Stoever-Ackerman’s objections to longhair music are based not only upon class affinity, but also, perhaps unconsciously, in her standpoint as a twenty-first-century American intellectual. As UCLA musicologist Richard Taruskin has noted, it has been au courant since the 1960s for intellectuals to eschew classical music in favor of the various genres of what he calls “commercial music:”
and they often seem oblivious to the very existence of other genres. Of no other art medium is this true. Intellectuals in America distinguish between commercial and “literary” fiction, between commercial and “fine” art, between mass-market and “art” cinema. But the distinction in music is no longer drawn, except by professionals. Nowadays most educated persons maintain a lifelong fealty to the popular groups they embraced as adolescents, and generation gaps between parents and children now manifest themselves musically in contests between rock styles.
If, as has already been discussed extensively at this site, pop and its various genres make up the (only?) legitimate musical repertoires of the American working classes–both white and of color–I believe it’s time for a word from the trenches of musical praxis: this is not necessarily so, nor should it be.
While earning my doctorate at the City University of New York, I taught for two years as a graduate assistant and for another two as an adjunct at two of CUNY’s senior, i.e. four-year, colleges. In the heart of an urban metropolis, I taught studio and class voice, that is to say both individual lessons and singing classes en masse. My students, with very few exceptions, were from the outer-borough working classes, traveling long distances on public transportation to attend college while working and in some cases parenting, and they represented a variety of races and ethnicities, with whites solidly in the minority. Most of my private-lesson students were older than I was, returning students who had been sidetracked by life and various dead-end jobs from finishing their bachelor’s degrees at a more usual age. Since I am a classical singer, I taught everyone the same thing: classical singing. My voice students studied classical musical practice and classical music repertoire not only because I believe that healthy classical technique is the basis of good vocal technique across genres — that is, if you can sing well in the classical style, you can sing anything well — but also because I know, in the depths of my being, that the experience of making classical music is healing and transformative for the person who undertakes it, an experience that should be denied to or refused by no one. In this sense, classical music praxis was, in my studio, a tool for self-transformation, self-empowerment, and self-expression that ignored distinctions of class and race. This might suggest that classical music is in fact a subversive practice for the working classes and people of color, and perhaps it is, though I see it more as a human right.
In teaching these diverse classes, I tried very hard to discern what sort of a person each of my students was, and to choose the right repertoire for each based not only on vocal characteristics but also on everything the student presented to me: his or her ethos, if you will.
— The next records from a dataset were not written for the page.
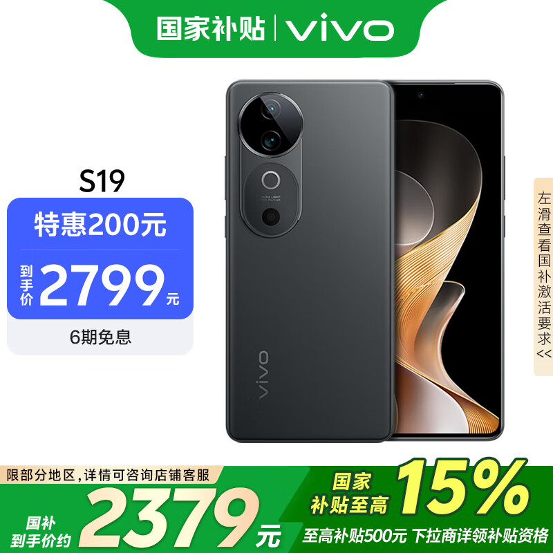 vivo S19 16GB+512GB 松烟墨 补贴 6000mAh超薄长续航 影棚级柔光环 第三代骁龙7 拍照 AI 手机价格:2999.00元!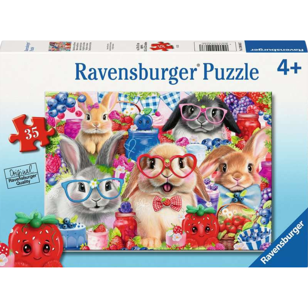 The 35 Piece Puzzle, Bunnies and Berries is an adorable and captivating puzzle. Cute and fluffy bunnies are the central characters of this puzzle with colourful berries scattered throughout the scene, providing a vibrant and tasty-looking feast. Through this enchanting puzzle, children can immerse themselves in a world of bunnies, fostering creativity and an appreciation for these cute animals.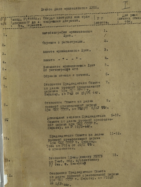 Обложка и содержание личного дела архиепископа Луки // 24 листа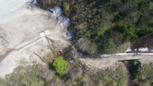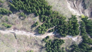 航空写真では、林道があるようにみえますが本工事では別ルートに取付くようになります。今後の工事進捗をお楽しみください。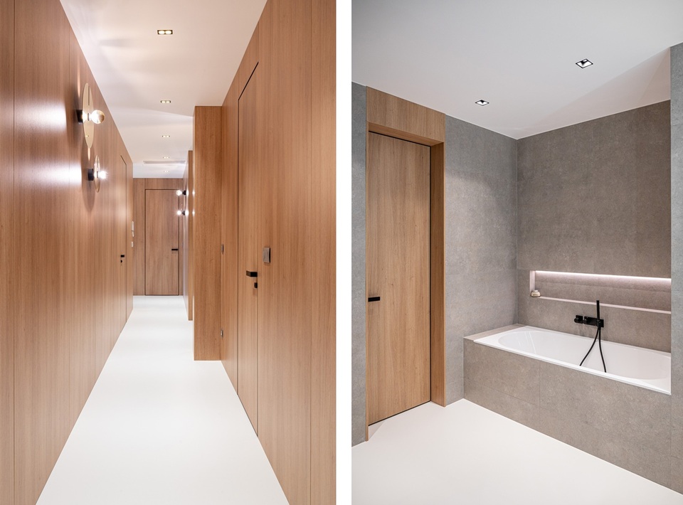 „Minimalistické pojetí interiéru se výrazně projevilo ve všech místnostech, zejména v členité chodbě,“ poznamenává Andrej Gajdoš, jeden ze spoluzakladatelů ateliéru SAGA, a dodává: „Použili jsme sofistikovaný obkladový systém EFEKTA od firmy JAP FUTURE, který umožnil opláštit stěny v dřevěném dekoru a zároveň do něj včlenit dveře s nadstandardní výškou ve stejném dekoru. Dveře MASTER ve skryté zárubni tak lícují s obkladem a vytvářejí čistou rovinu.“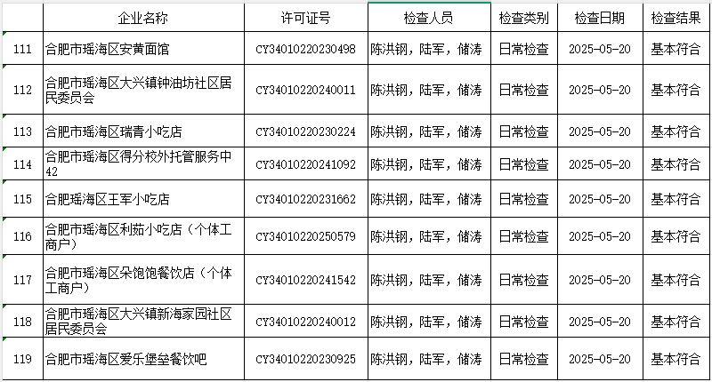 大兴镇2025年食品生产经营监督检查工作情况公示(第4期)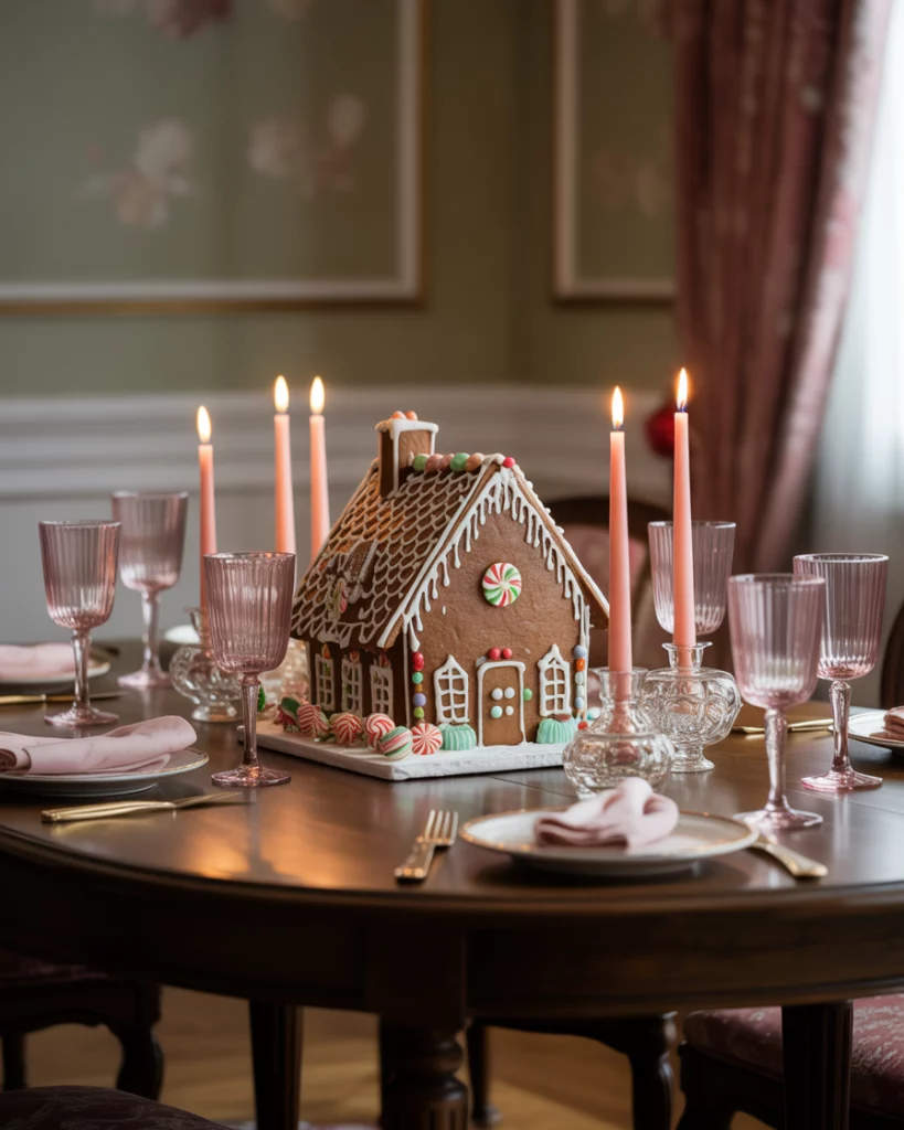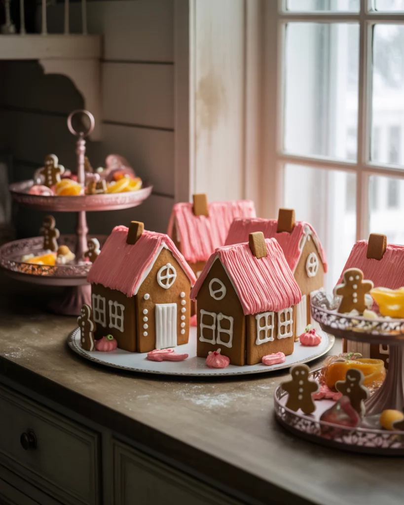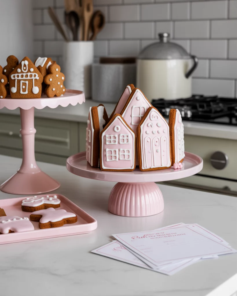 Decorate your kitchen island with a pink, pastel gingerbread stand. Imagine frosted cookie houses in pretty colors, cupcake trees, and marshmallow decorations laid out in trays or on cake stands. This arrangement transforms your kitchen into a fun holiday dream that you can invite people to have a party or bake a cake. Bonus: Include a printable recipe card of gingerbread cookies that the guests can bring home.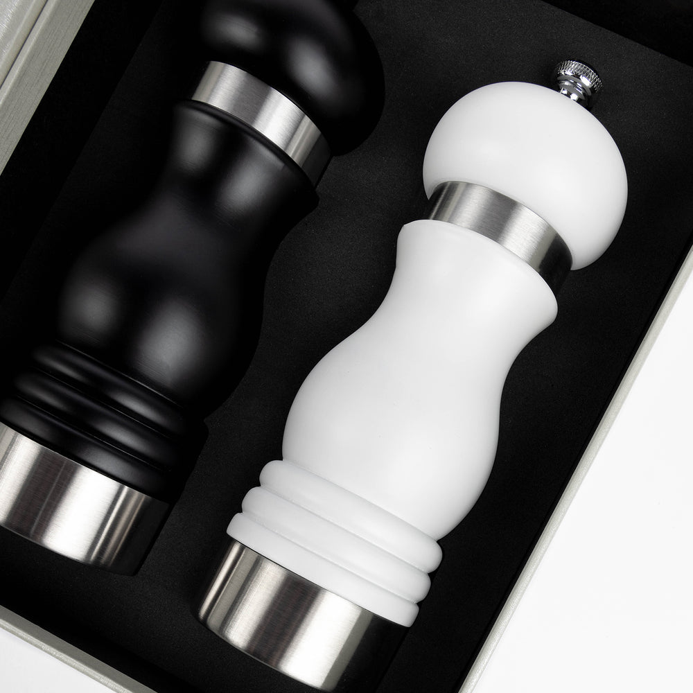 Ett praktiskt set med salt- och pepparkvarnar i lagom storlek för både kök och matbord. De är enkla att använda och ger bra kontroll när du kryddar dina rätter. Den matta ytan gör dem lätta att matcha med olika dukningar och köksstilar. Levereras i en exklusiv presentkartong och passar fint även som gåva.
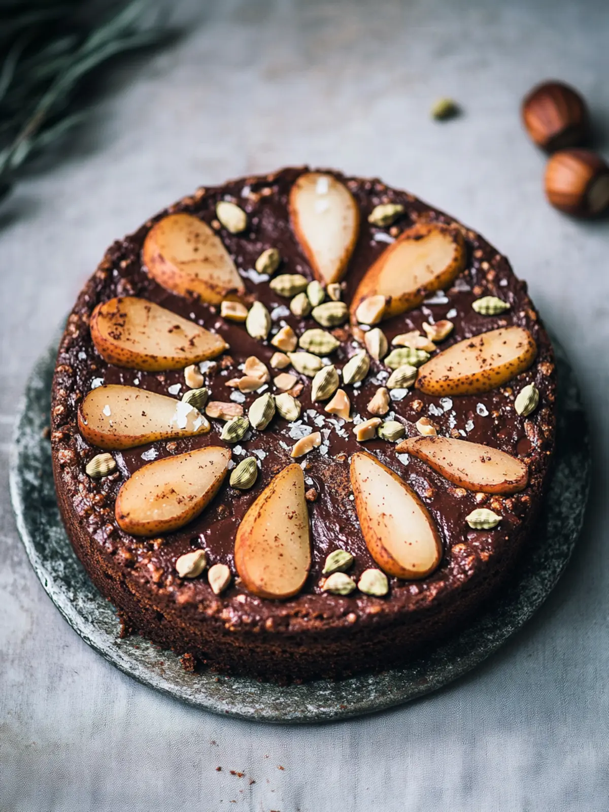 Indulgence, without the guilt! This cake is a celebration of flavors, blending rich chocolate with aromatic cardamom and fresh pears for a unique dessert experience.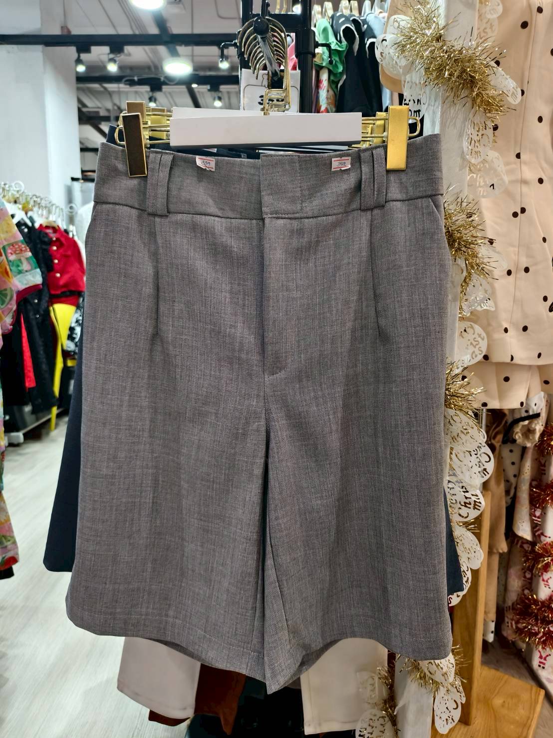 กางเกงขาสั้นผ้าเรียบ สีเทาอ่อน

The truth is that I loved and respected my students, and I felt a heavy responsibility for making their experience as fledgling classical musicians one that would enrich their lives. They were, as I mentioned, from wildly divergent backgrounds. One was the daughter of a famous Puerto Rican bandleader who had discouraged her from a career in music, her true love; she made a living selling gloves and hats from a table outside the Metropolitan Museum of Art. One was a Haitian Seventh-Day Adventist, a highly intelligent, spinsterish woman who spoke German as well as French, and whose singing revealed hints of a magnificent natural instrument — if only she had been physically and psychically free to the point that she could have accessed it. Another was T., a shy, socially-awkward man in early middle age who worked as a paralegal, and who confided after three lessons that he was a recovering alcoholic. Many of my students, I perceived, were profoundly wounded and heartbroken people. Though occasionally they spoke of their traumas and difficulties, words were not really necessary; the dynamic of the private voice lesson is so transparently revealing, and the rough areas in the voice provide such an accurate mirror of the catches in the soul, that I didn’t need to look hard to grasp their woundedness, if not always the nature of their wounds. This is why, as every classical singer and voice teacher know, tears are a commonplace in the voice studio. And this is why it is so essential that a voice teacher be compassionate. The voice — that intangible, ethereal instrument played by the passage of air over two threads of gristle in the throat — can be not only a diagnostic gauge of the inner singer, but also, ideally, a means of healing for both the singer and her audience.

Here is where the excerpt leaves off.